I am seeing that these coefficients are producing correctly rounded results for the round-to-nearest-ties-to-even.
Further when the double value is specifically rounded to the target rounding mode, it is producing the correctly rounded results for them.
If possible, can you tell me the double value (r) returned by the libc polynomial with the above coefficients for various rounding modes corresponding to the input (x=0x1.03a16ap+0)?
It should produce the same double value "r" for all rounding modes.
In my build, it produces r = 0x1.4cdc4c80p-6, which when rounded to any rounding mode produces the correctly rounded result.
here is what I get with the different rounding modes:
FE_TONEAREST:
r=0x1.4cdc4c0000001p-6
FE_TOWARDZERO:
r=0x1.4cdc4bfffffffp-6
FE_UPWARD:
r=0x1.4cdc4c0000001p-6
FE_DOWNWARD:
r=0x1.4cdc4bfffffffp-6
The double value r differs because the rounding mode is also used internally
(for example for the polynomial evaluation).

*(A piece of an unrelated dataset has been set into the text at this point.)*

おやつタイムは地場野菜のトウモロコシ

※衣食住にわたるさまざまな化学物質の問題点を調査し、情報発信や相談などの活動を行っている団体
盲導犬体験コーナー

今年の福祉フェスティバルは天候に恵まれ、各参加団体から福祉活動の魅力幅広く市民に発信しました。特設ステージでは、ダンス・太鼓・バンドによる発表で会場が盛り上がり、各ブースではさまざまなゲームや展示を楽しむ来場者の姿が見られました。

The code could set internally the rounding mode to FE_TONEAREST, and
restore it before the last rounding, this would solve the issue (at least
for that x-value), but I guess that would be slower than dealing with one
exceptional case.
Best regards,
Paul
Thanks Paul and Santosh for getting to the bottom of this! I'm updating the testing infrastructure to fully support all rounding modes and once it completes, I'll update this patch accordingly.

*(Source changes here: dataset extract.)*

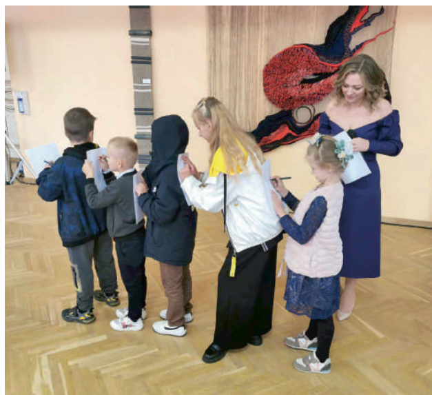
Во время мастер-класса по изготовлению мягких игрушек во время проведения фестиваля «Щучынськія шарлоткі» (24.09.2022, Щучин)

Но основной упор снова сделали на лидеров мнений и профессиональные «паблики». В первую очередь, мы нашли городской «паблик» о событиях и новостях Щучина в инстаграм, с широкой аудиторией подписчиков. «Паблик» с удовольствием разместил анонс о нашем мероприятии и афишу. Также мы обратились к местным кондитерам, так как тема шарлоток для них близка. Одна из ведущих кондитеров Щучина стала в итоге членом жюри конкурса и предоставила свои изделия в качестве призов участникам. Нас поддержали местные мастера в сфере красоты, флористы, владельцы кофеен и ресторанов. Благодаря размещению информации в их социальных сетях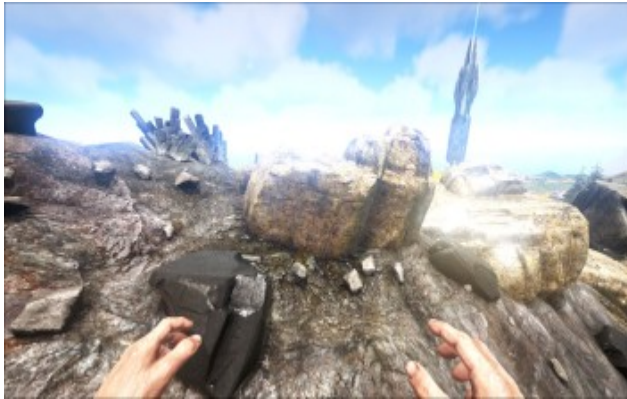
Großes Metallvorkommen auf einem Berg, mit Obsidian (Vordergrund, schwarz ) und Kristall (Hintergrund, links).

@zimmermann6, @santoshn: I've updated the implementation to be correctly rounded for all rounding modes. I also added the exhaustive tests for all rounding modes. Thanks!
Dear Tue,
@zimmermann6, @santoshn: I've updated the implementation to be correctly rounded for all rounding modes. I also added the exhaustive tests for all rounding modes. Thanks!
I confirm the new function is correctly rounded for all rounding modes.
Great job!
Paul
is this intended to be a long term solution? It feels like there should be an easier way to handle using hexadecimal float constants.